The text can be easily split into a list of strings, each containing a single line:

file = open('data.txt', 'r')

list_of_lines = file.read().splitlines()

for line in list_of_lines:
    print(line)

file.close()

Very often data is written to text files, with variables delimited with a specific character, for example:

1;2;3;4
45;34;12;32;54;21
4;5;6332;23;2

In above example, consecutive numbers are separated with a semicolon (;). The easiest way to separate a line into multiple elements is to use the split() function. The function returns a list of strings. The example below will read the file line by line, and sum numbers in each of the lines.

file = open('numbers_to_sum.txt', 'r')

for line in file.read().splitlines()    # for each line in file
    numbers_strings = line.split(';')   # split the line into a list of strings
                                        # the strings have to be converted to numeric values

    numbers = []                        # create an empty list

    for nbr in numbers_strings:         # for each element in the list of strings
        numbers.append(int(nbr))        # convert the string to an integer and add to the list

    print(sum(numbers))                 # sum all the integers

file.close()

10
198
6366

Modules

A lot of useful functionality is not built into the base interpreter, but available in the form of modules.

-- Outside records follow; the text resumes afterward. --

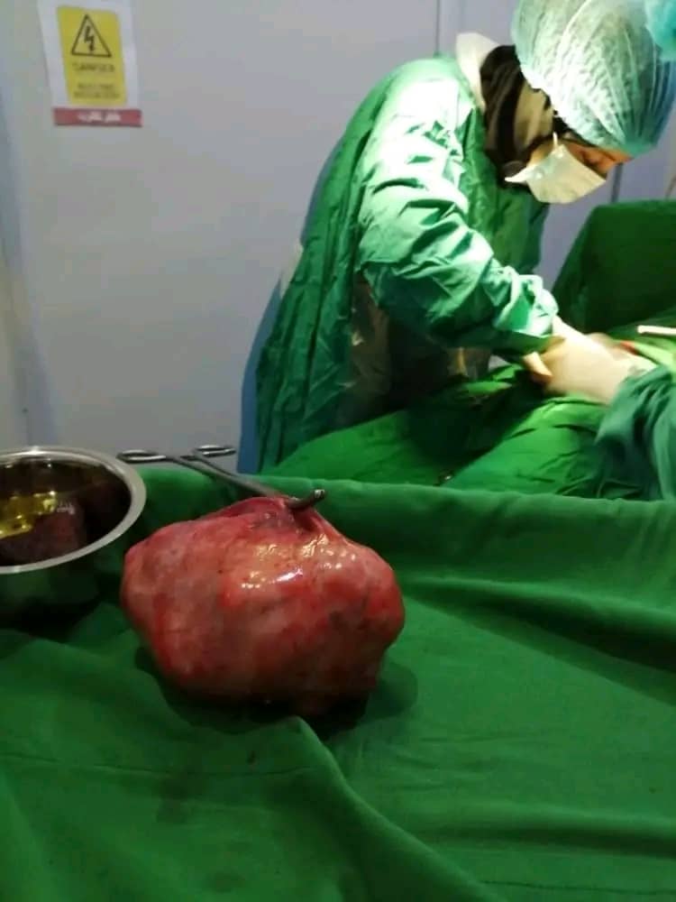 وأشارت إلى انه تبين بعد عمل الفحوصات الطبية اللازمة أن لديها ورماً ليفياً متضخماً وكان خيار العملية الجراحية هو الخيار الأنسب في مثل هذة الحالات لإزاله الورم .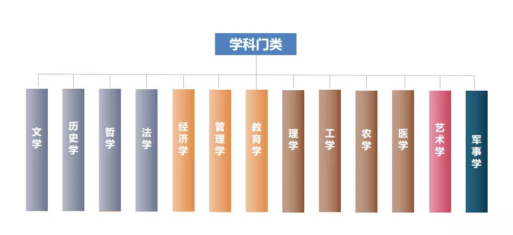 其中,13个学科门类分别是:文学、历史学、哲学、法学、经济学、管理学、教育学、理学、工学、农学、医学、艺术学、军事学。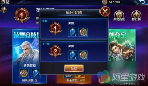 每日奖励包括了宝石和荣誉积分,对应玩家的段位发放。段位越高的玩家,获取的奖励也会越丰厚。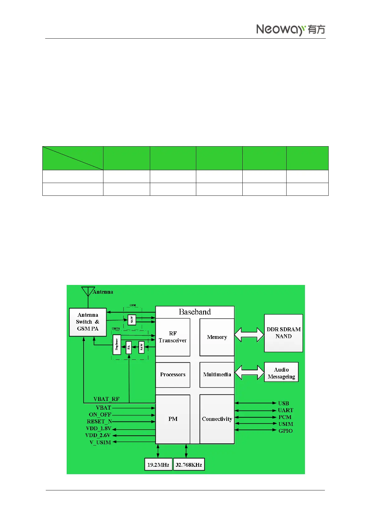WM620 module consists of power supply management, baseband controller, MCP, power amplifier (PA),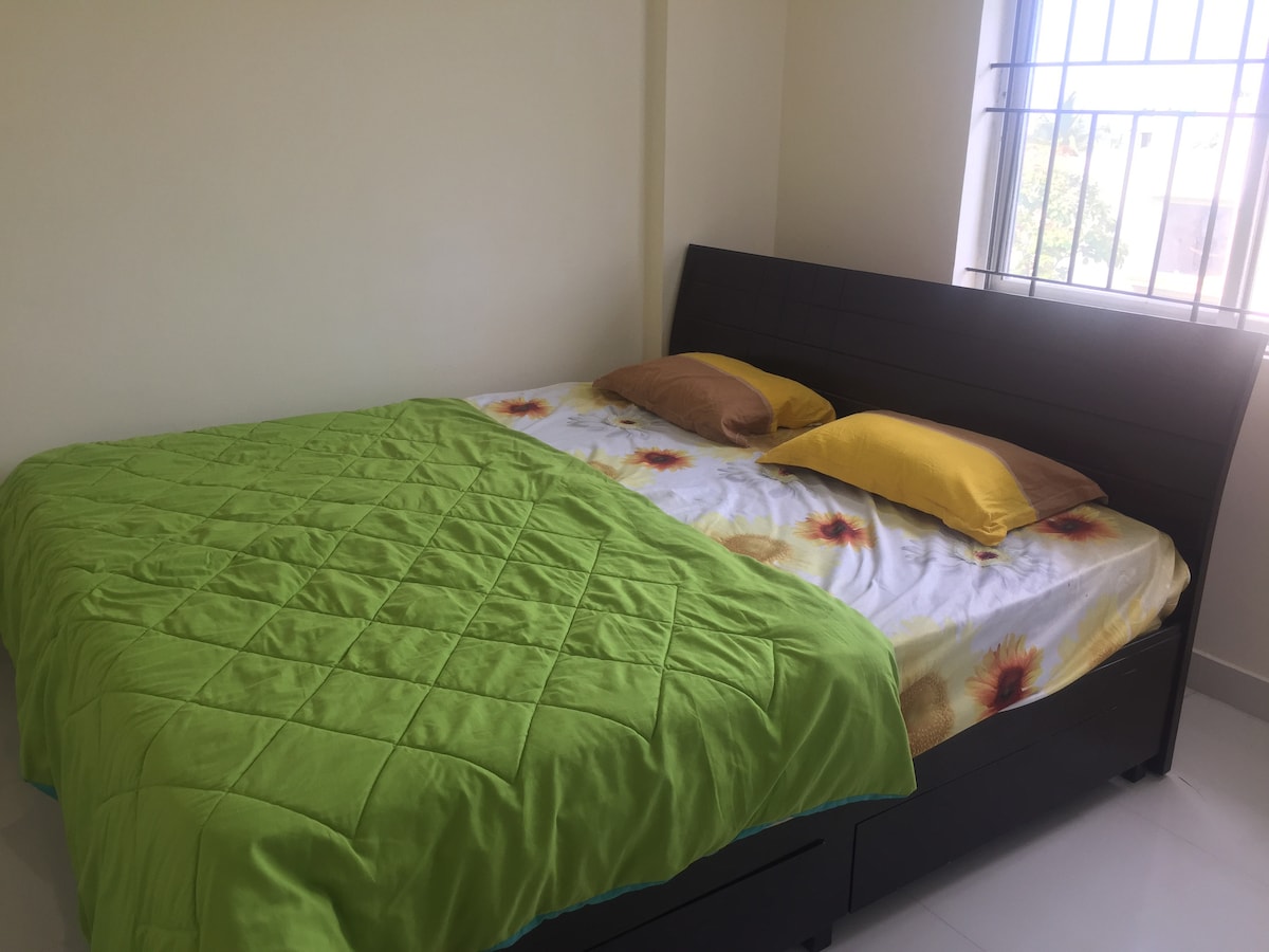 Velkommen til mitt fullt møblerte hjem med to senger og to bad i North Bangalore, ideelt for opptil seks gjester. Begge soverommene har dobbeltsenger, og stuen har en sovesofa, LED-TV, UPS-omformer og Urban Ladder-møbler. Kjøkkenet er fullt utstyrt med et LG-kjøleskap, brødrister, induksjonstopp og alle nødvendige redskaper. Grunnprisen er for to gjester, med ekstra kostnader for ekstra gjester (opptil seks). Denne koselige og budsjettvennlige Airbnb-en tilbyr komfort uten ekstravagansen til et luksushotell.

A module is a library containing a specific set of functions (similar to C/C++ libraries). Some of modules are included in the default Python installation, other have to be installed using pip package manager. It is also possible to write custom modules. Usually, modules are loaded at the beginning of the script, using import statement, for example:

import os
import glob

# [...]

After importing a library, all its functionality is available under the object of the same name (library_name.function_name()), for example os.chdir().

`requests` module

The requests is a quick and simple library for HTTP access (the protocol which is used by web browsers). To download and print the source code of a webpage, two commands are enough:

import requests

req = requests.get("http://google.com")
print(req.text)

Many services are available as web APIs, where the response can contain some requested information.

NumPy

NumPy is a popular library for convenient matrix operations, providing funcitonality very similiar to MATLAB.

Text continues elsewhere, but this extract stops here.